Harvest Software Change Manager v13.x, 14.x and up

First Steps

If this is a new Harvest installation, or you are converting from internal authentication to openLDAP, the first step should be to get openLDAP authentication working correctly with no security enabled. This article assumes that you have already configured Harvest to connect to your openLDAP server over a non-secure connection and are ready to configure security for this connection.

SSL or TLS?

Once you are able to log in successfully to Harvest over openLDAP, you will need to decide which encryption method to use between Harvest and your openLDAP server.

Most current LDAP servers are version 3 compliant (LDAPv3), which supports TLS. This means that your LDAP server can recognize a startTLS command and establish TLS on the connection without the benefit of an SSL connection or an initial Bind command.

Some Microsoft Windows Server, however, uses Active Directory Service Interfaces (ADSI) version 2.5, which only supports SSL (also known as LDAPS, LDAPv2, or LDAP over SSL). In this older method, an SSL connection on TCP port 636 (by default) must first be established before a TLS handshake occurs because the startTLS command is not recognized. LDAPv2 was never standardized and has been deprecated as of 2003. So, if your LDAP server supports startTLS, you should use TLS instead of SSL.

How SSL & TLS work with LDAP

A client (Harvest) starts an LDAP session by connecting to an LDAP server (by default on TCP port 389 for unsecured and TLS connections or by default on TCP port 636 for SSL connections).

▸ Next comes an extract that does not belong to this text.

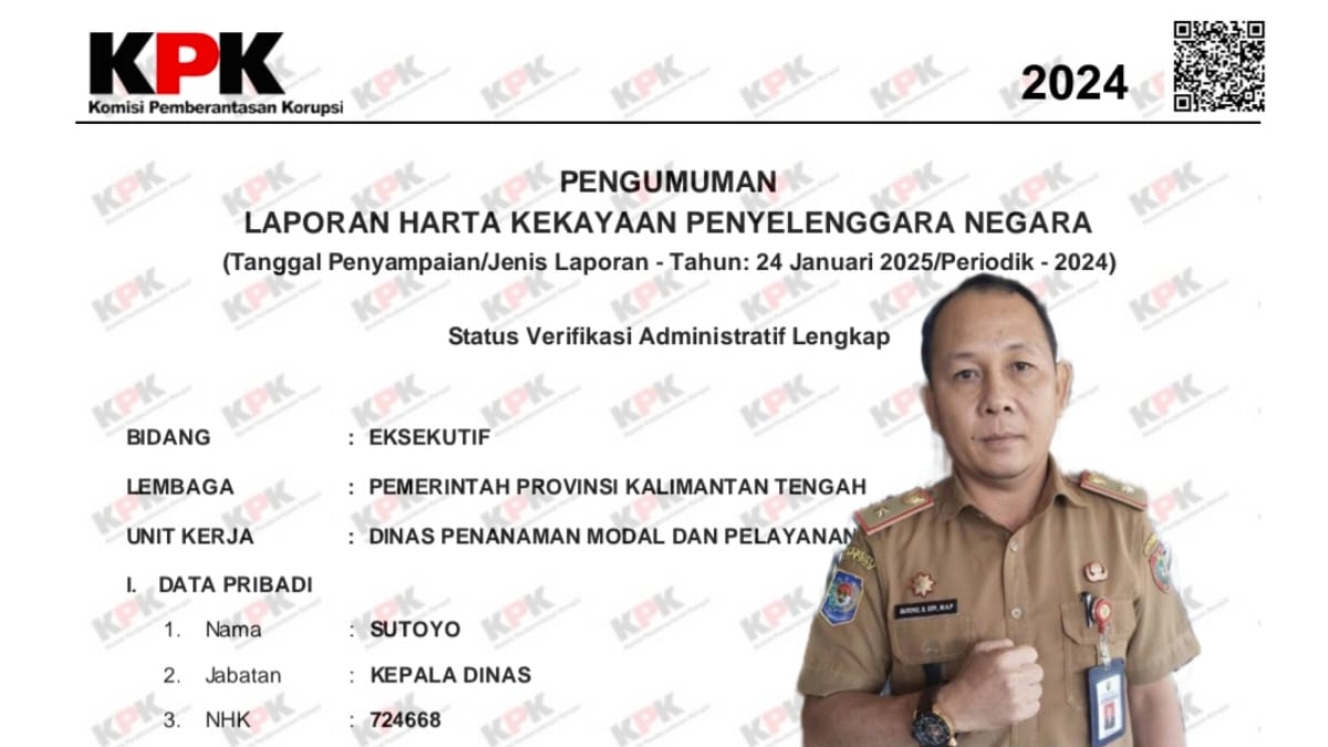 CYRUSTIMES, PALANGKA RAYA – Kepala Dinas Penanaman Modal dan Pelayanan Terpadu Satu Pintu (DPMPTSP) Kalimantan Tengah (Kalteng) Sutoyo yang baru ditunjuk sebagai Pelaksana Tugas (Plt) Kepala Dinas (Kadis) Energi dan Sumber Daya Mineral (ESDM) tercatat memiliki harta kekayaan sebesar Rp9,27 miliar. Angka tersebut tertera dalam Laporan Harta Kekayaan Penyelenggara Negara (LHKPN) periode 2024 yang disampaikan ke Komisi Pemberantasan Korupsi (KPK) pada 24 Januari 2025.
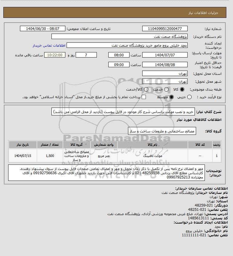 نام دستگاه خریدار:پژوهشگاه صنعت نفت

The client then sends operation requests to the server, which sends responses in turn. With some exceptions, the client need not wait for a response before sending the next request, and the server may send the responses in any order.

Create TLS Certificate and Key files

Regardless of whether you have opted for TLS or SSL, you will need a Trusted Certificate File, a Client Certificate File, and a Client Certificate Private Key File. This is because SSL actually implements TLS - it's just that it lacks the startTLS command, only invoking it after performing an initial Bind. You will also require a certificate for your LDAP server. Your LDAP server may already have a certificate issued by a 3rd party CA (Certificate Authority) such as Verisign, or you may need to generate your own internal certificate for use within your domain. Generating an LDAP server certificate is beyond the scope of this article. If you need to generate your own new certificate files and client private key file, you will need Domain Administrator (Windows) or root (UNIX/LINUX) privileges. Step-by-step instructions for creating the three client (Harvest) side files can be found in "Configure Broker and Server on UNIX, Linux, and zLinux" Look for the section titled "Securing Communication to the LDAP Server"

Harvest will use the Trusted Certificate File to determine whether the LDAP server should be trusted. This file must be in PEM format and contain a list of Trusted Certificate Authorities, one of which must match the Authority that granted the certificate for the LDAP server.

The Client Certificate File is presented by Harvest to the LDAP server for authentication.

The Client Certificate Private Key File is used to verify the authenticity of the client (Harvest) requesting services from the LDAP server. This file must not be encrypted.

Configure Harvest for SSL or TLS

If you have successfully implemented openLDAP with Harvest over a non-secure connection, then you have already set all the parameters necessary to successfully query your LDAP server. To implement TLS or SSL secure communications between the Harvest server and LDAP server, edit the %HARVESTHOME%/Hserver.arg file (for Windows) or the $HARVESTHOME/HServer.arg file (for UNIX/LINUX) and add these parameters:

-ldapmode=tls
-or-
-ldapmode=ssl

-tlstrcertfile=[Full path and filename of the Trusted Certificate File]
-tlscertfile=[Full path and filename of the Client Certificate File]
-tlskeyfile=[Full path and filename of the Client Certificate Private Key File]

You must restart Harvest brokers and servers for the changes to take effect.